* **SOURCE DATA**:
--------------------------------------------------
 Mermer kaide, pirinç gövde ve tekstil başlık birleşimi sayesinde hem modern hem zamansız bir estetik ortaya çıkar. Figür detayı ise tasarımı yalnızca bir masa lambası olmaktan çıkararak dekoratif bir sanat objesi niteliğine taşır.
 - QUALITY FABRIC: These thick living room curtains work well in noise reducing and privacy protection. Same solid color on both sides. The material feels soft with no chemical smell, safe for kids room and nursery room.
--------------------------------------------------
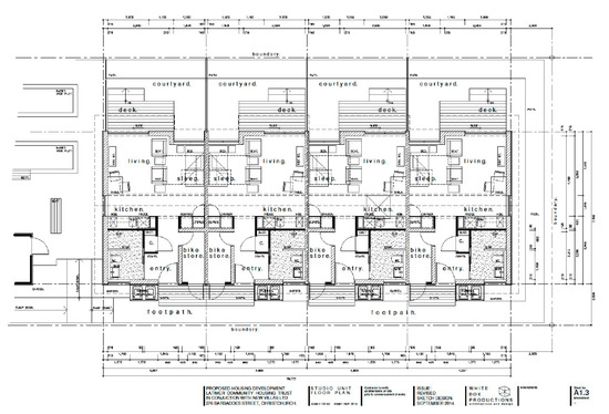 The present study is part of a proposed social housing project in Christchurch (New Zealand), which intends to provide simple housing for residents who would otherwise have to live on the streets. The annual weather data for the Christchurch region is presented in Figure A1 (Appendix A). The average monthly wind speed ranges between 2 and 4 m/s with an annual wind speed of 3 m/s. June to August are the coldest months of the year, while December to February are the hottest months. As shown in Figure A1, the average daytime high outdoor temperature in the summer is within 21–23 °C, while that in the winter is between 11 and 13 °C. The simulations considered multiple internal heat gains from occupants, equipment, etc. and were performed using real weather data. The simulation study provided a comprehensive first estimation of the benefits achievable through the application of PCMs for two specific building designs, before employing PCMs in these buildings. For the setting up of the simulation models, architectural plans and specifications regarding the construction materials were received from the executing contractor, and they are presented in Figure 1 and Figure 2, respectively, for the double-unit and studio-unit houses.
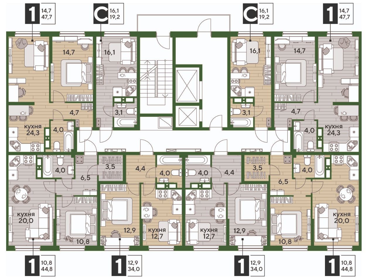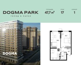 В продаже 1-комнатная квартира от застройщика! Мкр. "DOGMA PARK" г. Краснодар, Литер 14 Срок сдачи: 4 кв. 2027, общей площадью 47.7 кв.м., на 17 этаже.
--------------------------------------------------
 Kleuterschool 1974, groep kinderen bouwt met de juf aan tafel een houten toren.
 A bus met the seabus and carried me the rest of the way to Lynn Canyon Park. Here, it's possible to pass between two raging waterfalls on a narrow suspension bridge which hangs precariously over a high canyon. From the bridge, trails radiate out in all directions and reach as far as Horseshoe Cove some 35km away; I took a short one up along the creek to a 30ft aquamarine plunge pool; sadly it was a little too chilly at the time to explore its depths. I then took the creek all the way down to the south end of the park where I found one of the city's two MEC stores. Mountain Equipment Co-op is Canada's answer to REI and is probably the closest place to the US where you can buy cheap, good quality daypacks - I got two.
--------------------------------------------------
Could you return exactly the lines above from the line with "Mermer kaide, pirinç" to the line with "- QUALITY FABRIC: These", both included, and nothing else?

 Mermer kaide, pirinç gövde ve tekstil başlık birleşimi sayesinde hem modern hem zamansız bir estetik ortaya çıkar. Figür detayı ise tasarımı yalnızca bir masa lambası olmaktan çıkararak dekoratif bir sanat objesi niteliğine taşır.
 - QUALITY FABRIC: These thick living room curtains work well in noise reducing and privacy protection. Same solid color on both sides. The material feels soft with no chemical smell, safe for kids room and nursery room.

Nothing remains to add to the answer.